* Task prompt *
Without changing a word, repeat the data, and include no pictures.

* Given information *
.....

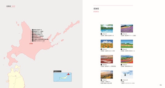 ▼1スポットを見開きの美しい写真で月ごとに紹介
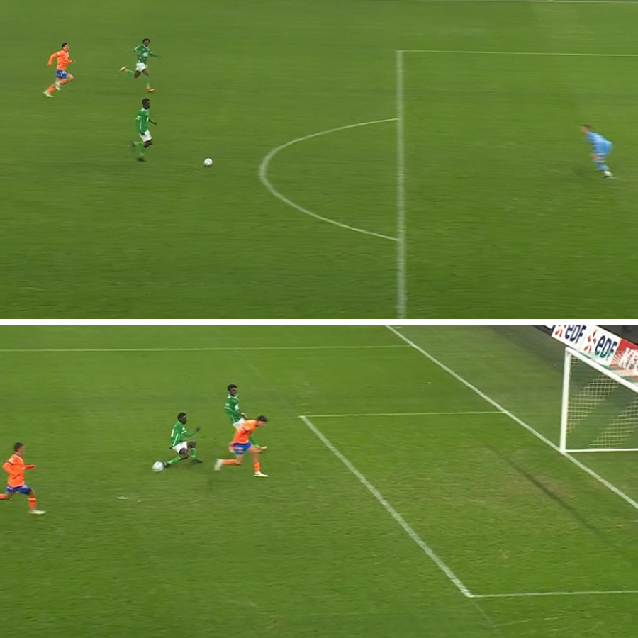 Mais sur cette action bah il met HJ son joueur sur le côté là sauf qu'il y a un gars qui sort de sa moitié de terrain de très loin qui n'est suivi ni par Hojbjerg, ni par Kondogbia, ni par Rongier, Rabiot, l'ailier, qui vous voulez, et tardivement par Merlin qui lui finit carrément par ralentir sa course tandis que Balerdi court à fond jusqu'au bout...
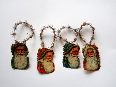 Title (ebay affiliate link): 4 Antique Santa Die Cut Feather Tree Christmas Ornament
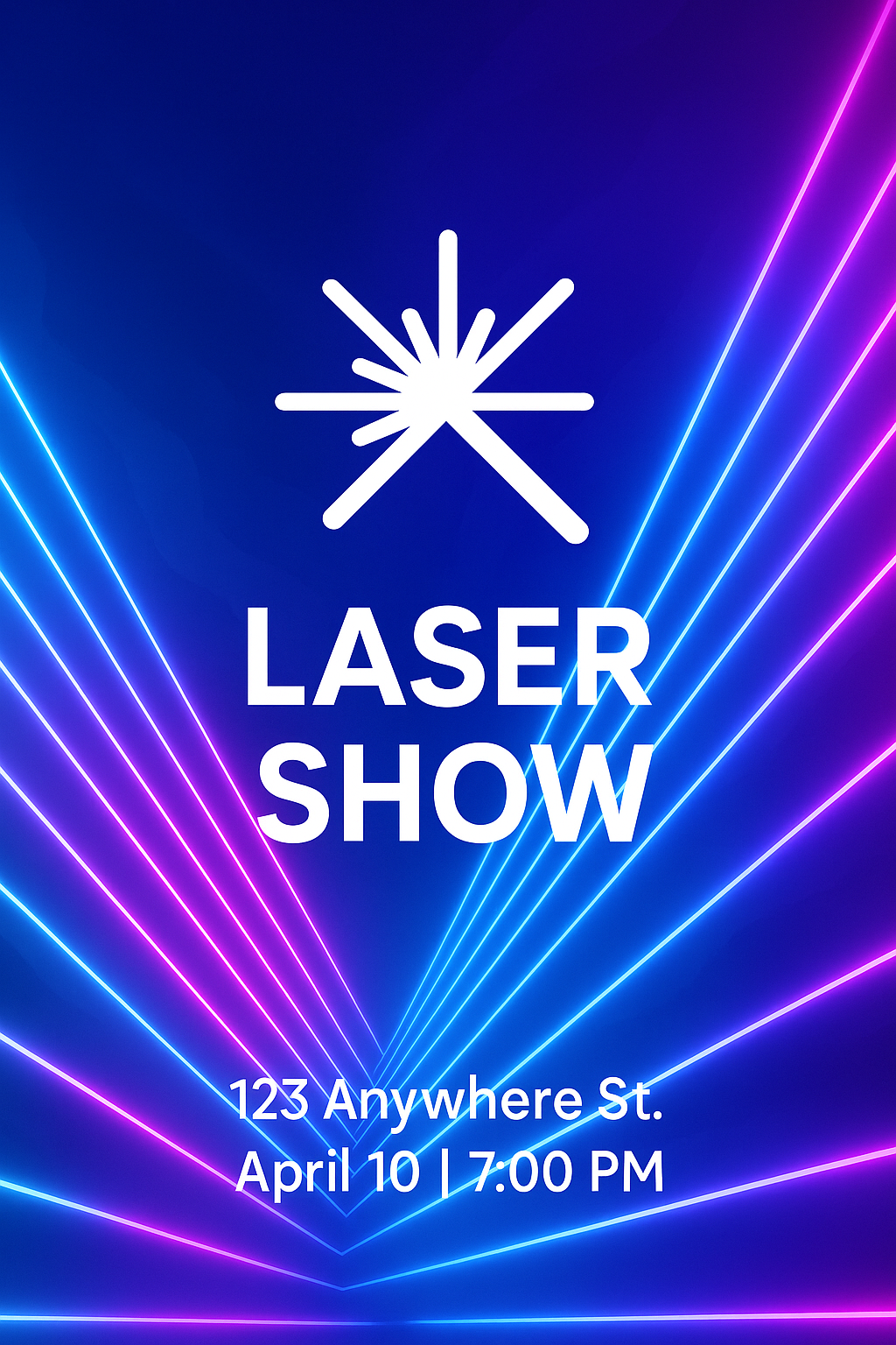 Dynamic event poster featuring colorful laser beams and modern typography, ideal for promoting entertainment events and shows.

.....

* Written response *
 ▼1スポットを見開きの美しい写真で月ごとに紹介
 Mais sur cette action bah il met HJ son joueur sur le côté là sauf qu'il y a un gars qui sort de sa moitié de terrain de très loin qui n'est suivi ni par Hojbjerg, ni par Kondogbia, ni par Rongier, Rabiot, l'ailier, qui vous voulez, et tardivement par Merlin qui lui finit carrément par ralentir sa course tandis que Balerdi court à fond jusqu'au bout...
 Title (ebay affiliate link): 4 Antique Santa Die Cut Feather Tree Christmas Ornament
 Dynamic event poster featuring colorful laser beams and modern typography, ideal for promoting entertainment events and shows.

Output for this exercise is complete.